Exclude the pictures, then quote exactly the lines from the one holding "网红水枪儿童玩具双喷头呲水高压抽拉式喷水枪男孩大容量打水仗" through the last line of the records.

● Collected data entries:
-=-=-

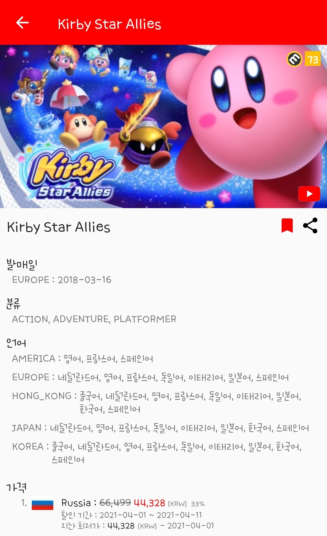 얼마전 부터 별의 커비가 드디어 할인한다.
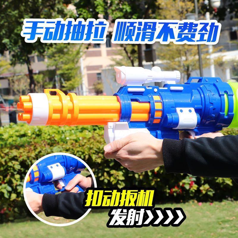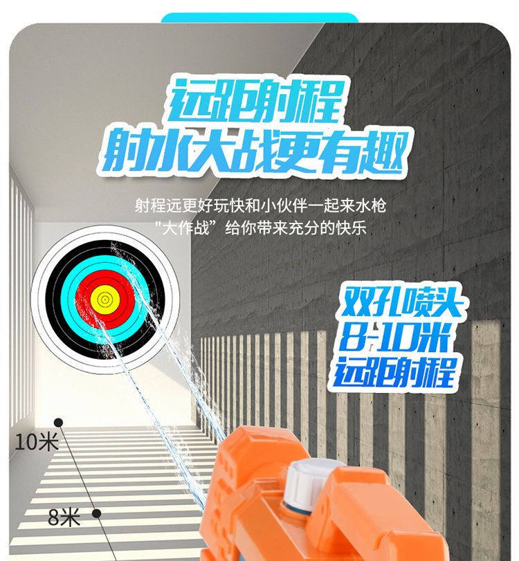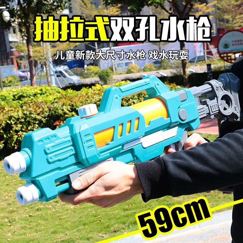 网红水枪儿童玩具双喷头呲水高压抽拉式喷水枪男孩大容量打水仗
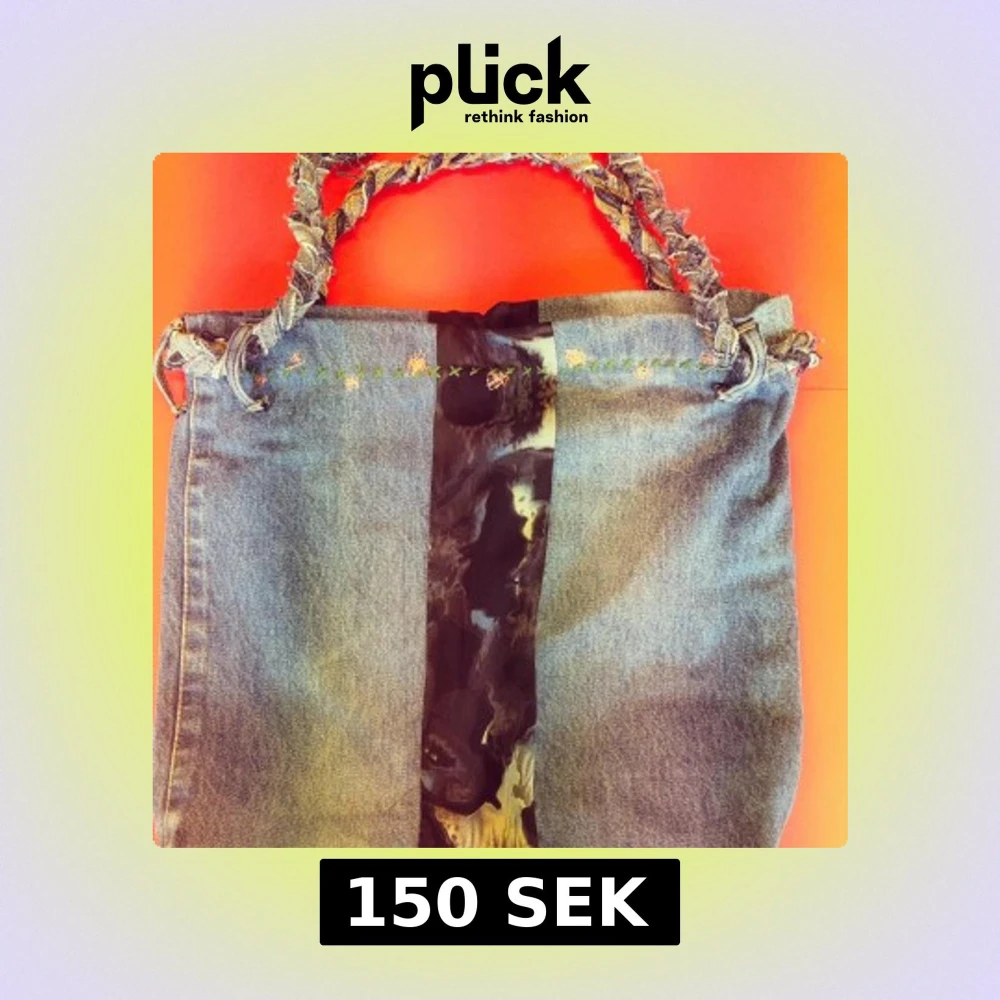 Unik handväska i jeans med flätat handtag och en svartmönstrad mittpanel. Mittpanelen gör så att du kan ändra handväskan till en "påse". (Backsidan är inte backsidan, det är bara hur den ser ut när man drar i handtaget. Den är INTE broderad i baksidan som i framsidan. Annars ser allt likadant ut
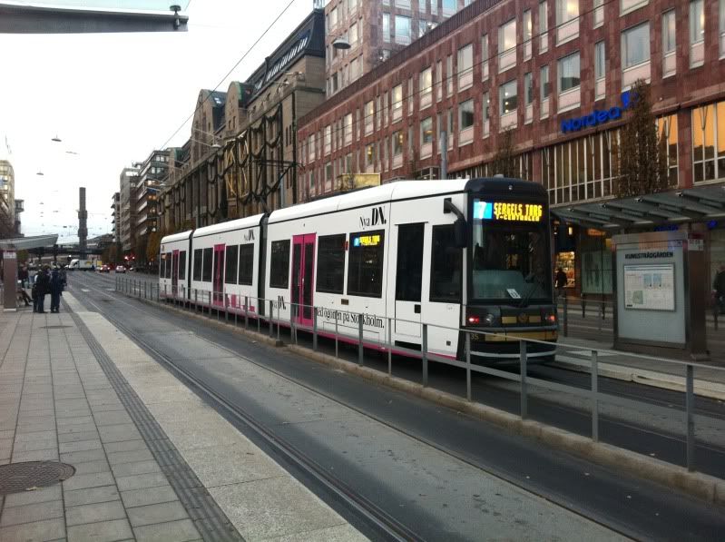 I förrgår såg jag på nyheterna att en ny spårvagn hade fått den nya framröstade SL-lacken, vilket gav mig idén att plåta lite, ifall denna vagn skulle komma på bild, men så vart det ej. Fortfarande ersätts en del turer med bussar, men fyra trickar var ifall ute. Samtliga Norrköpingsvagnar gick i trafik + en till... Som synes, så hade alla Norrköpingsvagnar reklam på sidorna - 33 (Aberdeen Asset Management), 34 (Gallerian) och 35 (Dagens Nyheter). Alla vagnarna verkar ha lite hemlängtan...^^:
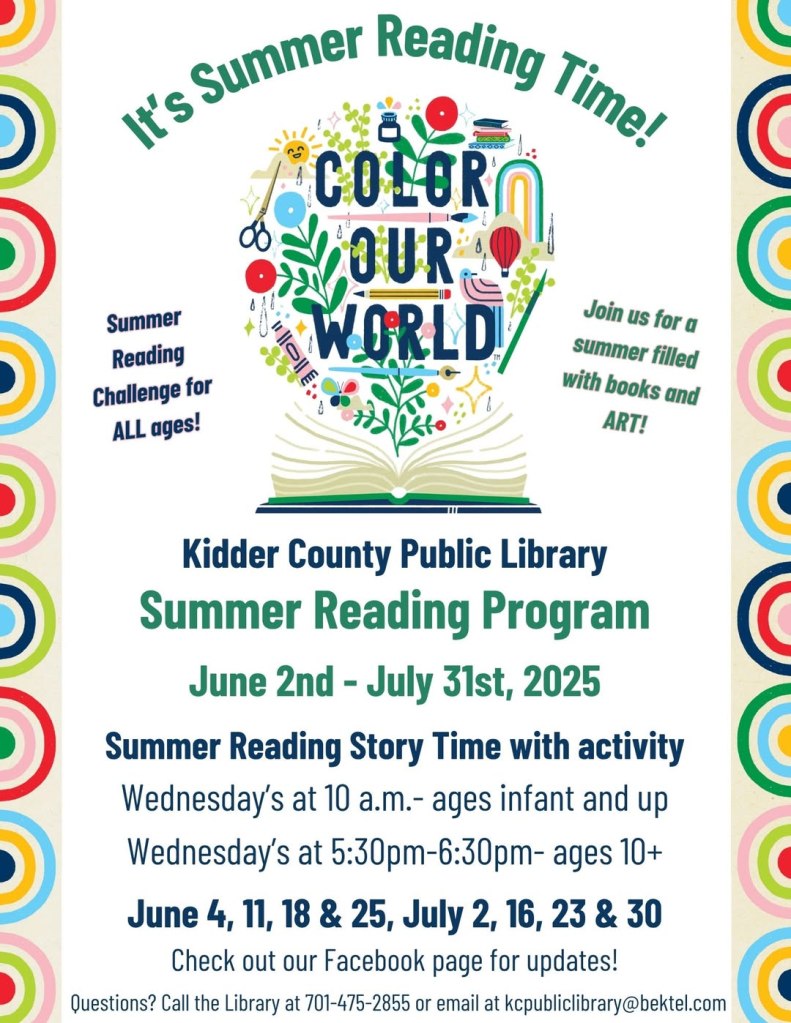Thank you to the Kidder County community for supporting our Summer Reading program and we look forward to seeing you this Wednesday!

-=-=-

● Exercise output:
 网红水枪儿童玩具双喷头呲水高压抽拉式喷水枪男孩大容量打水仗
 Unik handväska i jeans med flätat handtag och en svartmönstrad mittpanel. Mittpanelen gör så att du kan ändra handväskan till en "påse". (Backsidan är inte backsidan, det är bara hur den ser ut när man drar i handtaget. Den är INTE broderad i baksidan som i framsidan. Annars ser allt likadant ut
 I förrgår såg jag på nyheterna att en ny spårvagn hade fått den nya framröstade SL-lacken, vilket gav mig idén att plåta lite, ifall denna vagn skulle komma på bild, men så vart det ej. Fortfarande ersätts en del turer med bussar, men fyra trickar var ifall ute. Samtliga Norrköpingsvagnar gick i trafik + en till... Som synes, så hade alla Norrköpingsvagnar reklam på sidorna - 33 (Aberdeen Asset Management), 34 (Gallerian) och 35 (Dagens Nyheter). Alla vagnarna verkar ha lite hemlängtan...^^:
Thank you to the Kidder County community for supporting our Summer Reading program and we look forward to seeing you this Wednesday!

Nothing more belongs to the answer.